Естественная история — это не что иное, как называние видимого. Отсюда ее кажущаяся простота и та манера, которая на первый взгляд представляется наивной, настолько она проста и обусловлена очевидностью вещей.
Один Модный Француз
1966, Paris
1
В каждой секунде в этом мире — длинная вереница людей плачущих и еще одна, покороче, — людей смеющихся. Но есть и третья вереница, состоящая из людей, которые уже не плачут и не смеются. Самая печальная из всех. О ней мне и хочется поговорить.
РАССТАЕМСЯ. Во сне расставание связано только с уходом из дома и больше ни с чем. В комнате все упаковано, коробки высятся до потолка, но там, наверху, все еще просторно. Коридор и другие комнаты полны родственников — моих и Эммы. Они о чем-то шушукаются, шумят и ждут дальнейших действий с нашей стороны. Мы с Эммой стоим у окна. Нам осталось поделить лишь кучу граммофонных пластинок. Неожиданно она вынимает из пакета пластинку, ту, что сверху, и с силой запускает ее в окно. Это мне, говорит она. Окно закрыто, но пластинка проходит сквозь него, как будто разрезает воздух. Инстинктивно я достаю следующую и бросаю ее следом. Пластинка несется, как летающая тарелка, вертится вокруг своей оси, как в проигрывателе, только быстрее. Слышен ее свист. Где-то над мусорными баками она угрожающе отклоняется в сторону низко летящего грязного голубя. В первый момент кажется, что столкновения удастся избежать, но немного погодя я вижу, как острый край пластинки медленно врезается в его упитанную шею. Все происходит как в замедленном кадансе, и это усиливает ужас. Совсем отчетливо слышится несколько коротких тонов — это пластинка перерезает шею. Острая кость голубиного зоба издает мимолетный звук, скользнув по музыкальной дорожке пластинки. Только начало мелодии. Какой-то шансон. Не помню. “Шербурские зонтики?” “O, Paris?” “Кафе с тремя голубями?” Не помню. Но музыка звучала. Отрезанная голова по инерции пролетает еще несколько метров, а тело мягко шлепается в пыль рядом с мусорными баками. Крови нет.
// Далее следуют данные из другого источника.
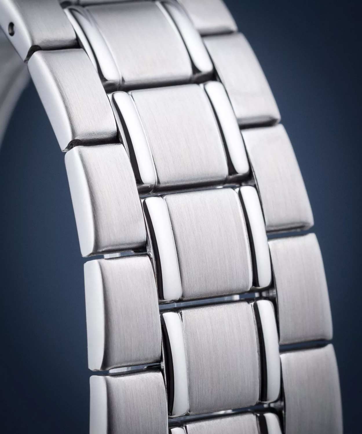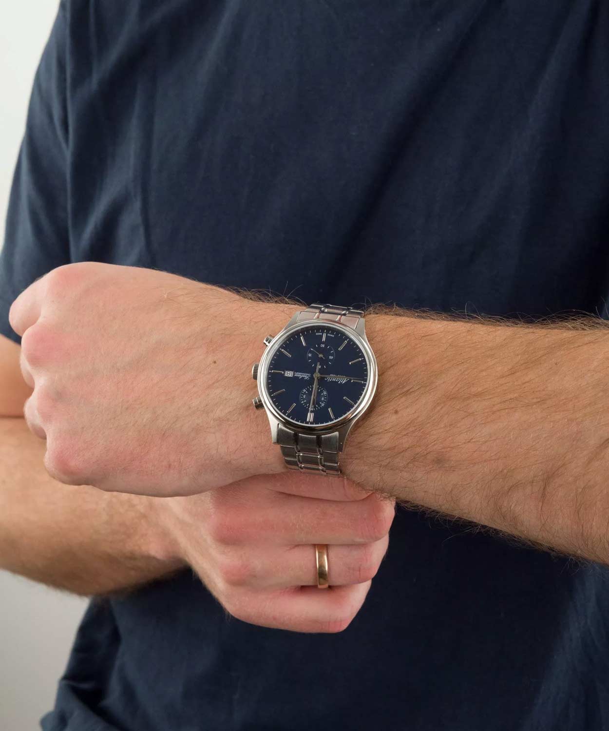 Мужские кварцевые швейцарские часы Atlantic Seabase Quartz Chronograph Edition c хронографомХронографФункция позволяет измерять отрезки времени с особой точностью: часы, минуты, секунды. Верным признаком хронографа является наличие на циферблате 3 дополнительных окошек-счётчиков. 64457.41.51, механизм с высокой точностью. Циферблат часов с сапфировым стекломСапфировое стеклоПрочный и надёжный материал из кристалла сапфира синтетического происхождения, характеризующийся особой твёрдостью и устойчивостью к царапинам и повреждениям., устойчивым к появлению царапин и обладающее высокой прозрачностью. Класс водозащиты: 50 метров, позволит защитить корпус от случайных брызг или капель дождя. Корпус часов изготовлен из нержавеющей стали. Стальной браслет на раскладной застёжкеРаскладная застёжкаТакой тип застёжки используется только на браслетах из металла. Она никогда не раскрывается полностью, происходит разделение на 2 и более частей. Раскладывающая застёжка снизит вероятность потери часов к минимуму.. Окошко даты находится в положении 3 часа.

Во сне нет ничего лишнего. Эмма наклоняется и бросает следующую пластинку. Потом я. Она. Я. Она. С каждой следующей пластинкой повторяется то же, что и с первой. Тротуар под окном завален птичьими головами, серыми, одинаковыми, с затянутыми пленкой глазами. При каждой упавшей голове родственники за нашей спиной отрывисто аплодируют. Мица сидит на подоконнике и хищно облизывается.
Я проснулся от боли в горле. Сначала я хотел рассказать свой сон Эмме, но потом передумал. Это просто сон.
2
Апокалипсис возможен и в отдельно взятой стране.
Кресло-качалку я купил одним субботним днем в начале января 1997-го. Я только что получил зарплату, и кресло поглотило добрую ее половину. Оно было последним, еще по старым, сравнительно низким ценам. Невероятная инфляция той зимы подчеркивала безрассудность моей покупки. Кресло было плетеным, под бамбук; почти невесомое, оно казалось громоздким и неудобным для переноски. Было немыслимо потратить оставшуюся половину зарплаты на такси, я взвалил его на плечи и пустился в обратный путь. Я шел, нес кресло на спине, как кузов, и стойко переносил укоризненные взгляды прохожих, устремленные на меня из-за роскоши, которую я смог себе позволить. Кто-нибудь должен описать скудость и нищету зимы 97-го, как, впрочем, и все остальные скудости, зиму 90-го, 92-го. Помню, как передо мной на рынке какая-то пожилая женщина просила, чтобы ей отрезали половинку лимона. Были и такие, кто вечером обходил пустые лотки в поисках случайно закатившейся под них картофелины. Все чаще хорошо одетые люди преодолевали стыд и рылись в мусорных баках. Голодные псы выли поодаль или стаями нападали на припозднившихся прохожих. Когда я вывожу эти беспорядочные предложения, мне представляются жирные газетные заголовки сбитым шрифтом.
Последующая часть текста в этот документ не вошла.